Looks pretty scary but seems to be what I need! Thanks very much. I will get back to this later this afternoon (hopefully), but I guess the solution is provided and the issue can be closed :)

I'll make it pretty and fast

You can try the raw version with:

pip install git+https://git.km3net.de/km3py/km3io.git@35-support-for-aanet-usr-fields-in-offlinereader

In [5]: import km3io                                                                                                                                                                          

In [6]: f = km3io.OfflineReader("/sps/km3net/users/mlincett/online_ev/ORCAKM3Online.00000049_00007289.root")                                                                                  

In [7]: f.usr['NTrigLines']                                                                                                                                                                   
Out[7]: <ChunkedArray [6.0 5.0 4.0 4.0 6.0 3.0 5.0 ...] at 0x7f9e3c63d1d0>

In [8]: f.usr                                                                                                                                                                                 
Out[8]: <km3io.offline.Usr at 0x7f9e2bf7fdd0>

In [9]: f.usr._usr_idx_lookup                                                                                                                                                                 
Out[9]: 
{'RecoQuality': 0,
 'RecoNDF': 1,
 'CoC': 2,
 'ToT': 3,
 'ChargeAbove': 4,
 'ChargeBelow': 5,
 'ChargeRatio': 6,
 'DeltaPosZ': 7,
 'FirstPartPosZ': 8,
 'LastPartPosZ': 9,
 'NSnapHits': 10,
 'NTrigHits': 11,
 'NTrigDOMs': 12,
 'NTrigLines': 13,
 'NSpeedVetoHits': 14,
 'NGeometryVetoHits': 15,
 'ClassficationScore': 16}

What do you think?

In [1]: import km3io                                                                                                                                                                          

In [2]: f = km3io.OfflineReader("/sps/km3net/users/mlincett/online_ev/ORCAKM3Online.00000049_00007289.root")                                                                                  
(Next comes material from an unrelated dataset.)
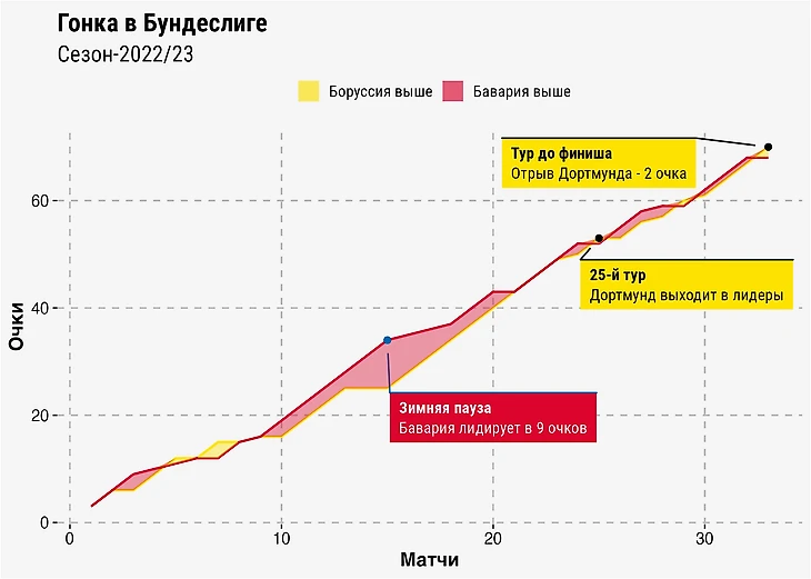 После 13-го тура вперед снова вышла «Бавария» – и не отдавала лидерство до 25-го тура, по итогам которого мюнхенцев обогнала «Боруссия». Дортмундцы совершили впечатляющий камбэк: после 15-го тура они ушли на зимнюю паузу с отставанием от «Баварии» в девять очков.

In [3]: f.usr                                                                                                                                                                                 
Out[3]: <km3io.offline.Usr at 0x7fd62ea519d0>

In [4]: print(f.usr)                                                                                                                                                                          
RecoQuality: [85.45957235835593 68.74744265572737 50.18704013646688 171.1478503932958 200.78442974966975 53.32798196456895 61.732716325589635 ...]
RecoNDF: [37.0 37.0 29.0 88.0 142.0 35.0 23.0 ...]
CoC: [118.6302815337638 44.33580521344907 99.93916717621543 121.24120434153483 170.12331367339033 179.3311394584781 185.94014516280558 ...]
ToT: [825.0 781.0 318.0 1538.0 3264.0 263.0 480.0 ...]
ChargeAbove: [176.0 278.0 53.0 53.0 162.0 143.0 480.0 ...]
ChargeBelow: [649.0 503.0 265.0 1485.0 3102.0 120.0 0.0 ...]
ChargeRatio: [0.21333333333333335 0.3559539052496799 0.16666666666666666 0.03446033810143043 0.04963235294117647 0.5437262357414449 1.0 ...]
DeltaPosZ: [37.51967774166617 -10.280346193553832 13.67595659707355 46.9253540172532 47.63365798691288 9.285015126722357 -15.017636151772649 ...]
FirstPartPosZ: [135.29499707179326 41.46665612378939 107.39596803432326 151.2656996531668 190.10519874250065 187.39500229409555 167.80236158102824 ...]
LastPartPosZ: [97.77531933012709 51.747002317343224 93.72001143724971 104.3403456359136 142.47154075558777 178.1099871673732 182.81999773280089 ...]
NSnapHits: [51.0 107.0 98.0 138.0 235.0 67.0 98.0 ...]
NTrigHits: [30.0 32.0 14.0 56.0 122.0 11.0 19.0 ...]
NTrigDOMs: [7.0 11.0 7.0 21.0 30.0 4.0 10.0 ...]
NTrigLines: [6.0 5.0 4.0 4.0 6.0 3.0 5.0 ...]
NSpeedVetoHits: [0.0 0.0 0.0 0.0 0.0 0.0 0.0 ...]
NGeometryVetoHits: [0.0 0.0 0.0 7.0 30.0 2.0 4.0 ...]
ClassficationScore: [0.16863382173469108 0.17944356593281038 0.08155750660727408 0.14276457019987057 0.2059551962374179 0.0825460962366195 0.11957326403954617 ...]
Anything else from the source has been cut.